The Excipient Control Working Group of PQRI * is seeking information from Excipient Manufacturers, Excipient Distributors, and Pharmaceutical Companies regarding their practices to reduce redundant testing of excipient attributes for complying with the requirements of multiple pharmacopoeias (namely, USP-NF, Ph.Eur., and JP). This information will be used to help establish recommendations for global harmonization of excipient specifications and to determine the appropriate control procedures needed for demonstration of global compendial compliance. Additionally, this questionnaire will collect information on the types of non-compendial physical and chemical testing done by excipient users, if any, on the batches of an excipient they receive from one or more excipient manufacturers (or suppliers), to determine its suitability for the processing of their drug product batches, and also for deriving the functionality of the excipient in the drug product. This effort will provide benefits for all parties involved, as well as the FDA.
PQRI will publish the results and analyses of the responses received in connection with this survey on its website, as well in other widely circulated pharmaceutical journals and periodicals.
Deadline for submission of the survey responses is October 12, 2005.
INSTRUCTIONS FOR COMPLETING THE SURVEY:
To access the Excipient Control Survey Questionnaire please click the following link, or copy and paste into your search engine:
https://www.surveysage.com/SR/OpenSrvy.asp?nOpen=1728&nAC=7049963
IT IS ESTIMATED THAT THIS QUESTIONNAIRE WILL TAKE APPROXIMATELY 30 MINUTES TO COMPLETE. (Should you not complete the survey in your first sign on and wish to go back to finish at a later time, you may do so by using the password given you upon your initial sign on.)

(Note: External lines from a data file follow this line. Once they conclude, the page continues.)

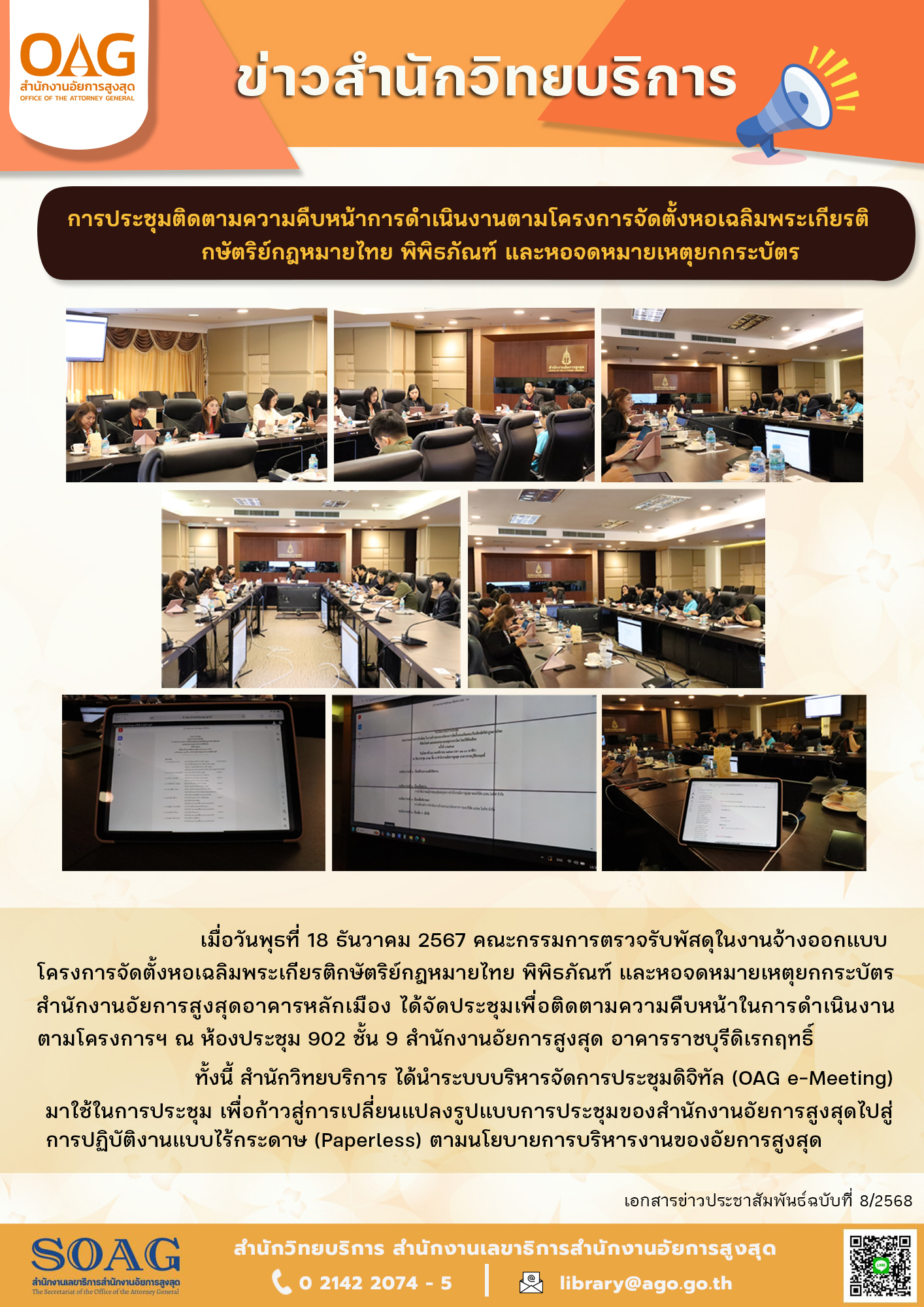 ทั้งนี้ สำนักวิทยบริการ ได้นำระบบบริหารจัดการประชุมดิจิทัล (OAG e-Meeting)
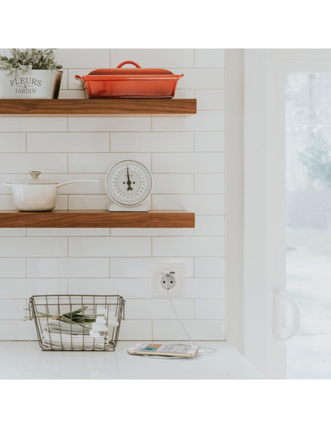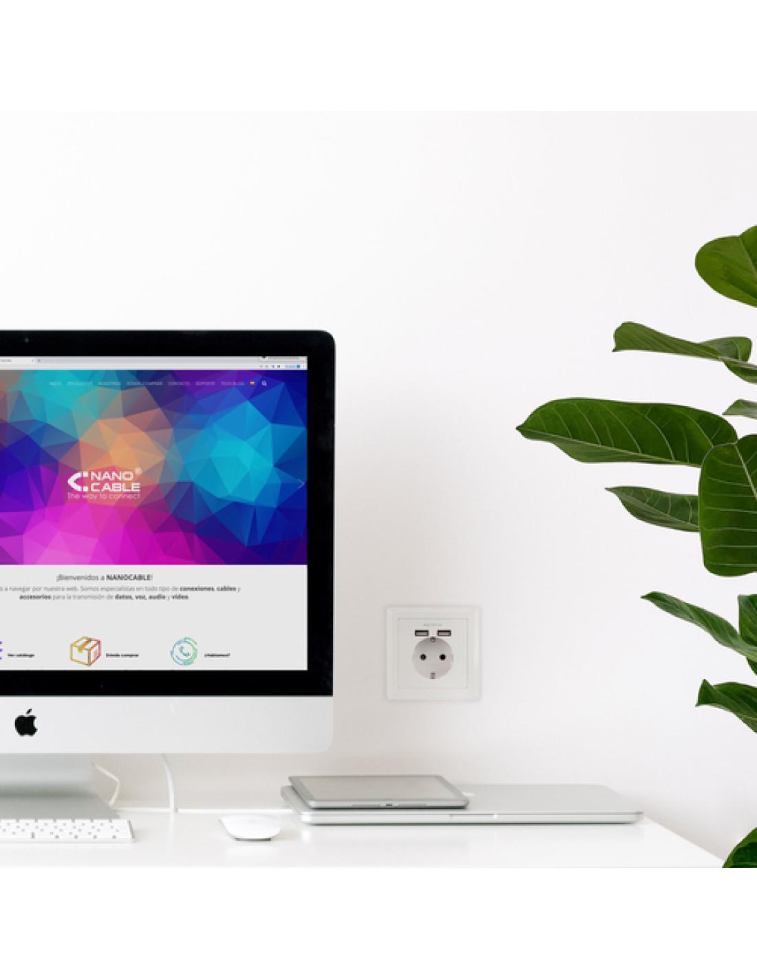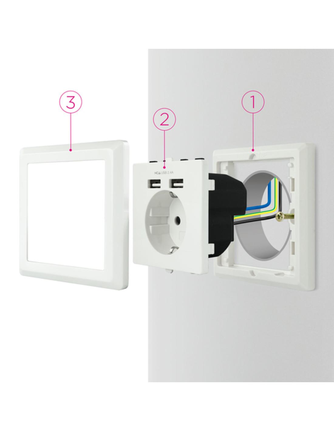 Nanocable Base de enchufe de pared tipo schuko con 2 tomas USB Max. 2.4A, blanca
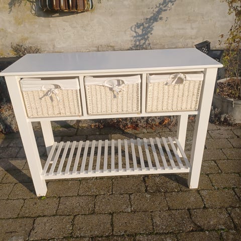 Konsolbord med 2 skuffer i sort malet træ og stålramme i sprt
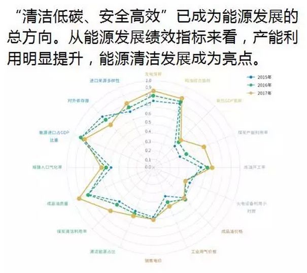 ▶2017年,“清洁低碳、安全高效”已成为能源发展的总方向。从能源发展绩效指标来看,产能利用明显提升,能源清洁发展成为亮点。

If more than one supply chain function applies to one company, separate responses are requested from the following three functions:
Excipient manufacturer; and/or Excipient distributor; and/or Excipient user
Please answer all questions that are relevant to the excipients you manufacture, distribute, or use. This information will be collected confidentially, and the respondent will not be identified. However, all of your responses will be available to the Excipient Working Group, including our statistician who will be analyzing the results. The data is for research purposes only. It is important to receive data from as many excipient manufacturers, excipient distributors and excipient users as possible to enhance the relevance of survey findings. Therefore, PQRI encourages your participation in this survey.
If multiple people within your organization may be involved in the development or implementation of your excipient control practices, or you utilize different approaches at different locations, please forward this questionnaire to the appropriate people who can provide detailed information that may be useful to PQRI. More than one response from a particular company is acceptable.
TROUBLESHOOTING:
In case of difficulty or problems with completing the on-line form, or for troubleshooting, access, or performance issues with the survey please contact:
Stacey D'Amico, Senior Associate(sdamico@valtera.com)
Phone:847-472-5729
Fax:847-640-8830
*The Excipient Control Working Group (XWG) is a group established under the auspices of the Drug Product Technical Committee (DPTC) of the Product Quality Research Institute (PQRI) to examine issues surrounding pharmaceutical excipient controls. The Working Group consists of members from the pharmaceutical industry (innovator and generic manufacturers, excipient suppliers, USP, and the FDA). The composition of the group and information concerning the XWG and PQRI are available at the questionnaire website, and additional information can be found at PQRI’s website (www.pqri.org).